**What this task involves:**
Exact repetition, pictures omitted: give every record below again.

####

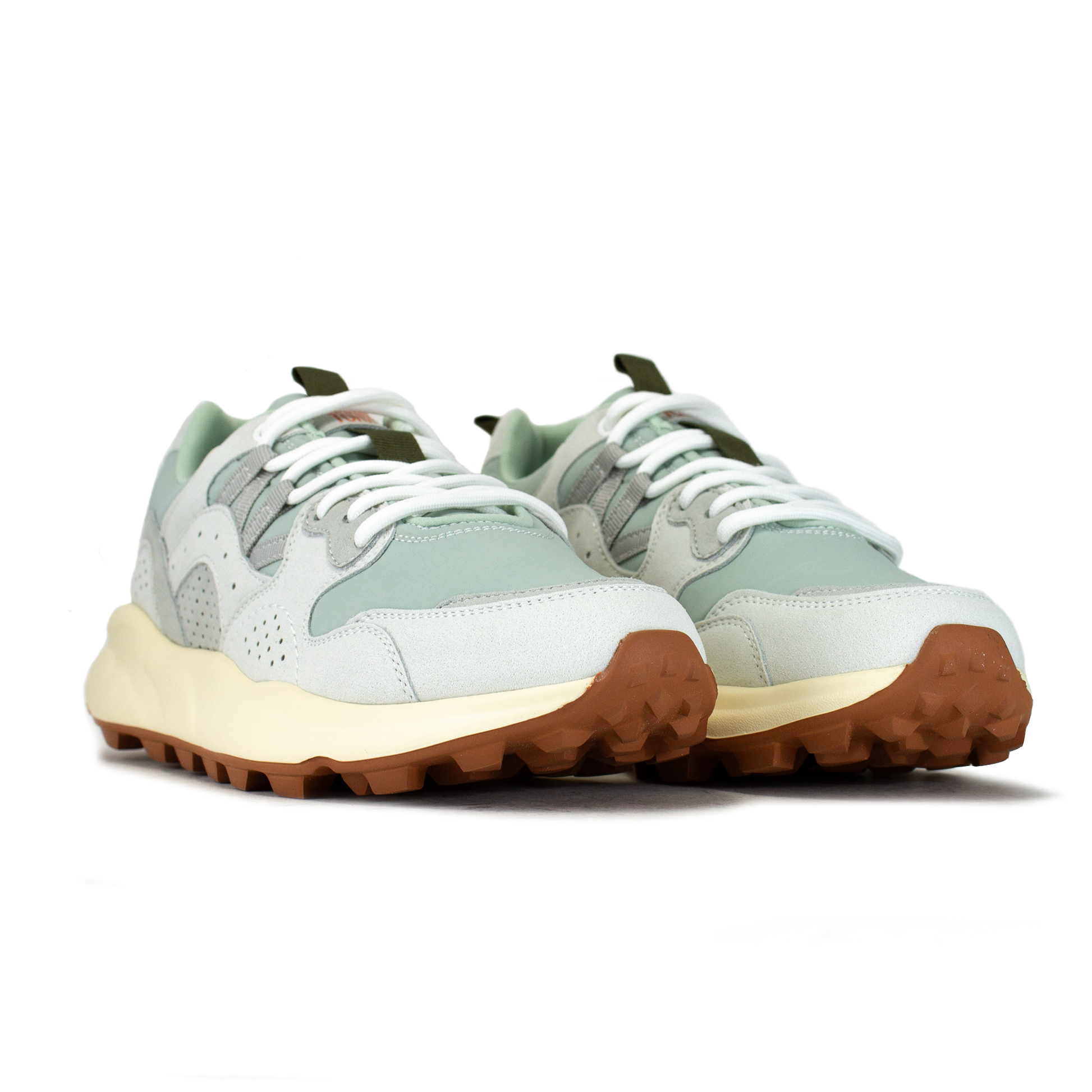 Ispirate al mondo sportivo e outdoor, le sneaker Flower mixano dettagli active con un'estetica cool, perfetta anche in città. La tomaia in tessuto tecnico presenta dettagli in suede con la caratteristica costruzione overlapping, string trekking. La suola è in gomma ultra leggera, con spoiler colorato sotto il tallone e battistrada dentellato.
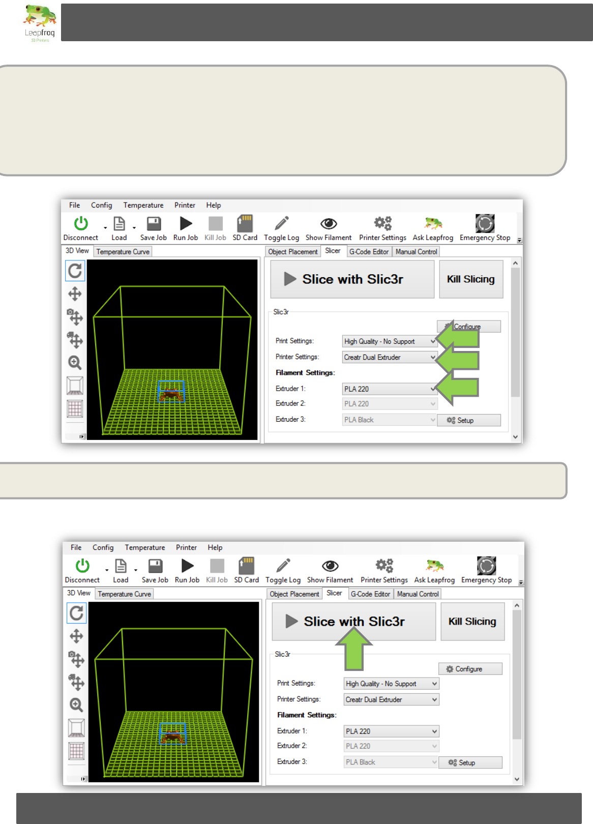 Slice your STL file by clicking the Slice with Slic3r” button.
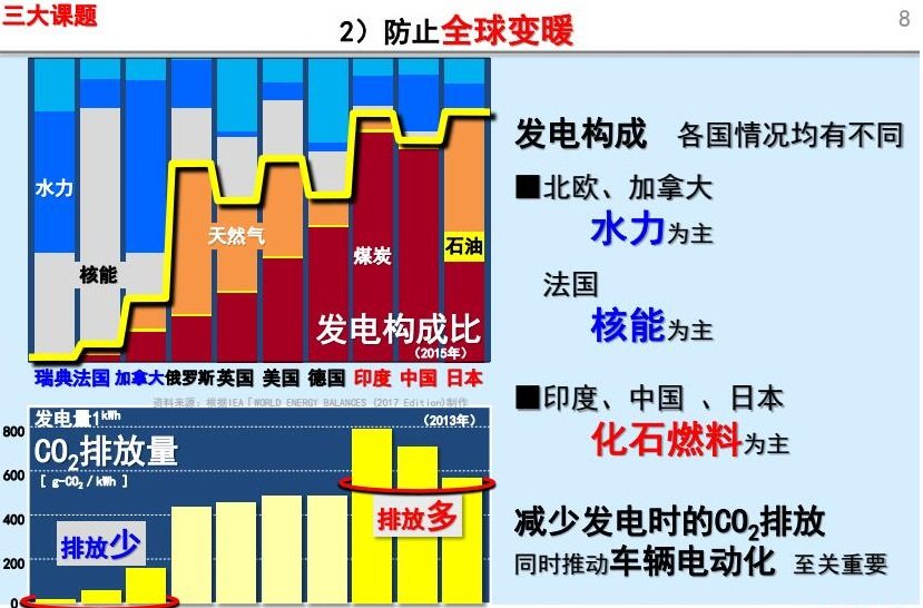 已经具备了技术,但是迟迟并未生产,在丰田看来,他们的使命并不仅仅是销售汽车而已,自丰田创立以来他们便以“环保”、“安全、放心”、“可持续发展的社会”、“感动”为行动方针,这是丰田一贯坚守的信条。久保馨认为,只关注行驶过程中的CO2是没有意义的,在电动车零部件材料制造、车辆制造、车辆维修和废弃环节,落后的能源供应和生产方式一样无法避免环境污染,最核心的问题便是大量国家依旧使用化石燃料供应能源,大量消耗化石能源会导致大气中的CO2浓度急剧上升。
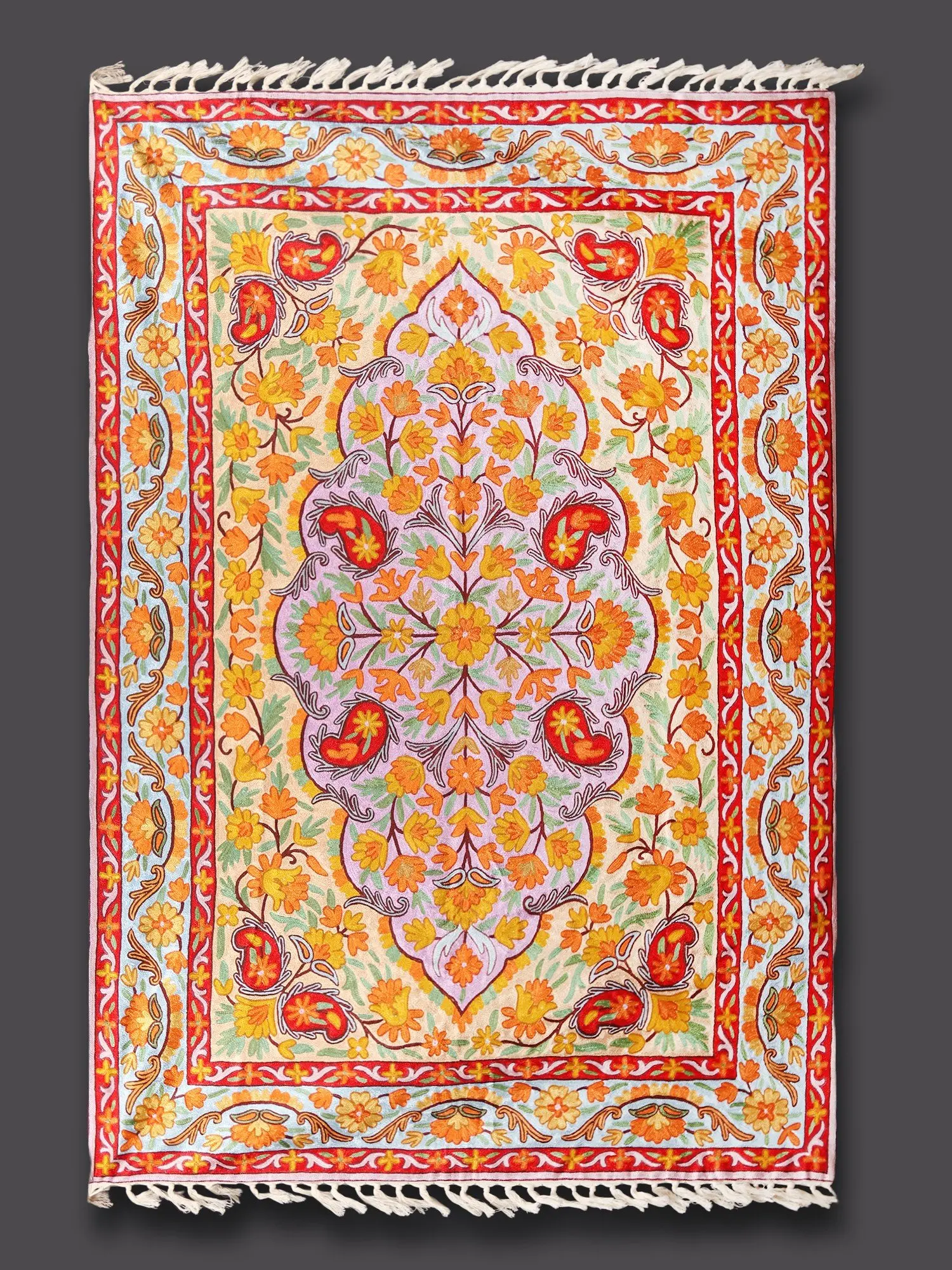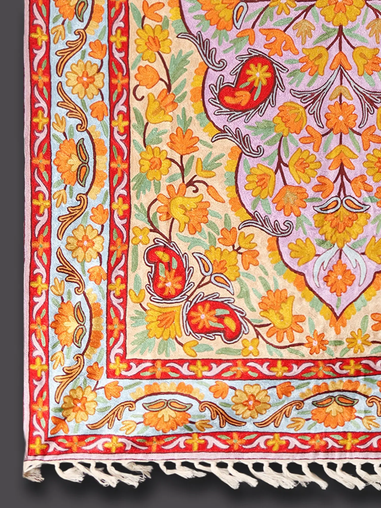 The use of tri-colors adds a dynamic touch, while the tassels provide a finishing flourish. This carpet not only brings glamour to any space but also serves as a testament to the intricate artistry of Kashmiri chain-stitching, transforming floors into a resplendent tapestry of nature's beauty.
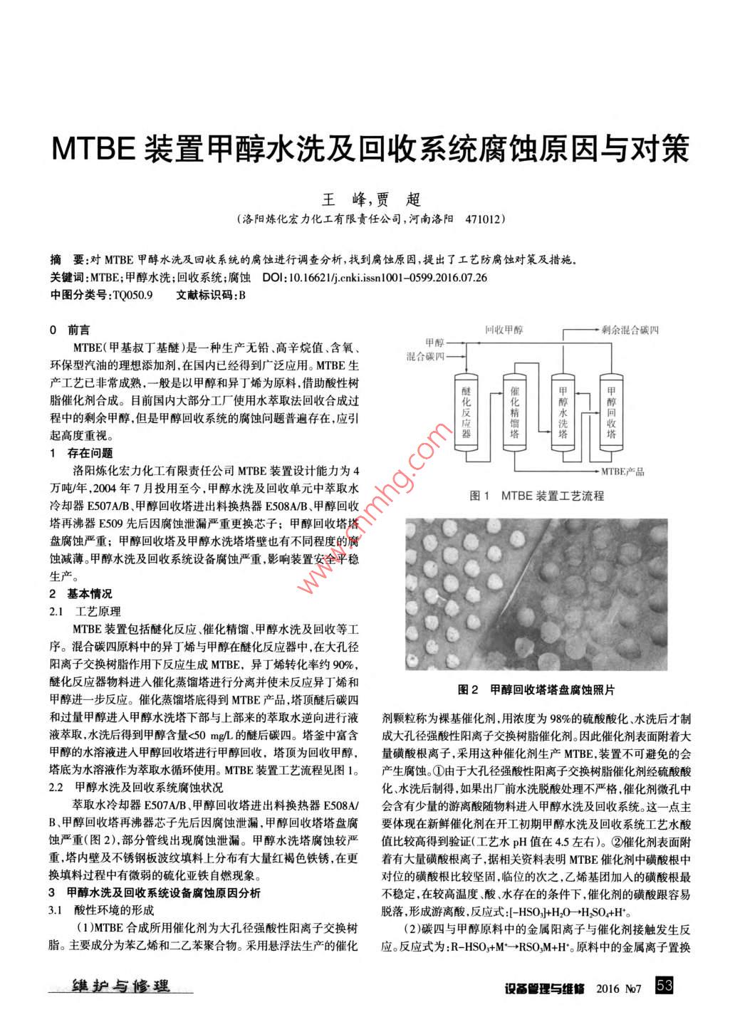 MTBE裝置甲醇水洗及回收系統(tǒng)腐蝕原因與對策

####

**Answer to this problem:**
 Ispirate al mondo sportivo e outdoor, le sneaker Flower mixano dettagli active con un'estetica cool, perfetta anche in città. La tomaia in tessuto tecnico presenta dettagli in suede con la caratteristica costruzione overlapping, string trekking. La suola è in gomma ultra leggera, con spoiler colorato sotto il tallone e battistrada dentellato.
 Slice your STL file by clicking the Slice with Slic3r” button.
 已经具备了技术,但是迟迟并未生产,在丰田看来,他们的使命并不仅仅是销售汽车而已,自丰田创立以来他们便以“环保”、“安全、放心”、“可持续发展的社会”、“感动”为行动方针,这是丰田一贯坚守的信条。久保馨认为,只关注行驶过程中的CO2是没有意义的,在电动车零部件材料制造、车辆制造、车辆维修和废弃环节,落后的能源供应和生产方式一样无法避免环境污染,最核心的问题便是大量国家依旧使用化石燃料供应能源,大量消耗化石能源会导致大气中的CO2浓度急剧上升。
 The use of tri-colors adds a dynamic touch, while the tassels provide a finishing flourish. This carpet not only brings glamour to any space but also serves as a testament to the intricate artistry of Kashmiri chain-stitching, transforming floors into a resplendent tapestry of nature's beauty.
 MTBE裝置甲醇水洗及回收系統(tǒng)腐蝕原因與對策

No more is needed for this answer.